Zu Beginn vielleicht einmal ein kurzer Blick auf das bisherige Geschehen: Münchens Oberbürgermeister Dieter Reiter (SPD) hat sich mit einem persönlichen Brief an die UEFA dafür eingesetzt, der gesamte Münchner Stadtrat stand hinter der Aktion, selbst Ministerpräsident Markus Söder sprach sich dafür aus: Am kommenden Mittwoch sollte das Münchner EM-Stadion, die Allianz-Arena, in Regenbogenfarben erstrahlen, während auf dem Rasen der Ball im letzten Vorrundenspiel Deutschland gegen Ungarn rollt. Es sollte ein deutliches Zeichen des Protests gegen die homo- und transfeindliche Haltung der rechtsnationalen Führung Ungarns sein, die kürzlich ein Gesetzespaket verabschiedet hat, das unter anderem die Informationsrechte von Jugendlichen in Hinblick auf Homosexualität und Transsexualität einschränkt.
Doch daraus wird nun offenbar nichts. Nach Informationen der Bild-Zeitung hätten sich die Europäische Fußball-Union und das EM-Organisationskomitee gestern Abend darauf verständigt. Man wolle die Allianz-Arena alternativ dafür zum Christopher Street Day am 28. Juni in den Regenbogenfarben erstrahlen lassen. Dann findet dort allerdings kein Spiel statt.

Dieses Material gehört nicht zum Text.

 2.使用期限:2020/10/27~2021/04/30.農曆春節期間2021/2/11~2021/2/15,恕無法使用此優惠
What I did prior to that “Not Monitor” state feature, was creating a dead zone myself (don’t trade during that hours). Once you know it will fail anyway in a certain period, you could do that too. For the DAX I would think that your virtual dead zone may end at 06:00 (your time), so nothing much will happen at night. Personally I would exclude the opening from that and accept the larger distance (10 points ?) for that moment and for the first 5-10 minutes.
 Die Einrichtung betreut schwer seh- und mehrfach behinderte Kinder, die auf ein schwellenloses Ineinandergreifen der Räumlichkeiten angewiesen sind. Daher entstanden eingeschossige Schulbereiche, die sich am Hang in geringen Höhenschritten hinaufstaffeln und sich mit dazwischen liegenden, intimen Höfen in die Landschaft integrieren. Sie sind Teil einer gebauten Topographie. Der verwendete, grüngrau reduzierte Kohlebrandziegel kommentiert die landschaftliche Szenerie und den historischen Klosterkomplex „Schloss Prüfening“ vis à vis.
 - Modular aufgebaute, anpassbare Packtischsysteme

Passend dazu hatte die UEFA Untersuchungen gegen den Kapitän der deutschen Nationalmannschaft, Manuel Neuer, angestrengt, weil dieser in den Spielen gegen Frankreich und Portugal eine Kapitänsbinde in den Regenbogen-Farben trug und damit offenbar gegen das Regelwerk verstoßen hatte. Zwar ruderte die UEFA bereits am Sonntagabend wieder zurück und teilte dem Deutschen Fußballbund mit, dass die Untersuchung schon wieder eingestellt wurde. Doch die Begründung dafür kommt doch ein wenig halbherzig daher: Neuers bunte Armbinde sei ein „Zeichen der Mannschaft für Vielfalt und damit als ´good cause´ bewertet“.

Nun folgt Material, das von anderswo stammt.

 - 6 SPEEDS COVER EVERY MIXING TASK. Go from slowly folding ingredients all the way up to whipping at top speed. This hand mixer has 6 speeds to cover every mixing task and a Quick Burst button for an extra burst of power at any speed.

Ehrlich, was sind das für Zeichen. Ein weltweiter Sport, der wie kein anderer eine Durchschlagskraft hat, ein Zeichen für Offenheit, Vielfalt und Toleranz zu setzen, versteckt sich hinter Regelwerken und Designvorgaben. Und das, obwohl es in der Mitte der weltweiten Spieler doch eine große – wenn auch inoffizielle – LGBTQ+ – Community gibt. Wie kann man da gleichzeitig eine Kampagne starten, die den Titel „Equal Games“ trägt und für Diversität, Vielfalt und Toleranz steht?
Ich persönlich stoße hier ein wenig an meine Grenzen der Nachvollziehbarkeit und würde der UEFA eine gewisse Scheinheiligkeit unterstellen, zumal ihm eine gewisse Nähe zu Viktor Orbán, dem Ministerpräsidenten Ungarns, nachgesagt wird. Seit seinem Amtsantritt 2010 pumpt er mehrere Milliarden in den Fußball und betreibt eine Art „Football First“-Politik – wie man hört. Allerdings betrifft die Unterstellung der Scheinheiligkeit auch nur den Verband, denn tatsächlich gibt es für mich ein stilles Leuchten in der Diskussion, das ein deutliches Zeichen setzt: Im Spiel gegen Ungarn will Manuel Neuer erneut die Kapitänsbinde in Regenbogenfarben tragen – als Protest gegen die homo- und transfeindliche Haltung der rechtsnationalen Führung Ungarns. Und die komplette deutsche Nationalmannschaft steht hinter ihm.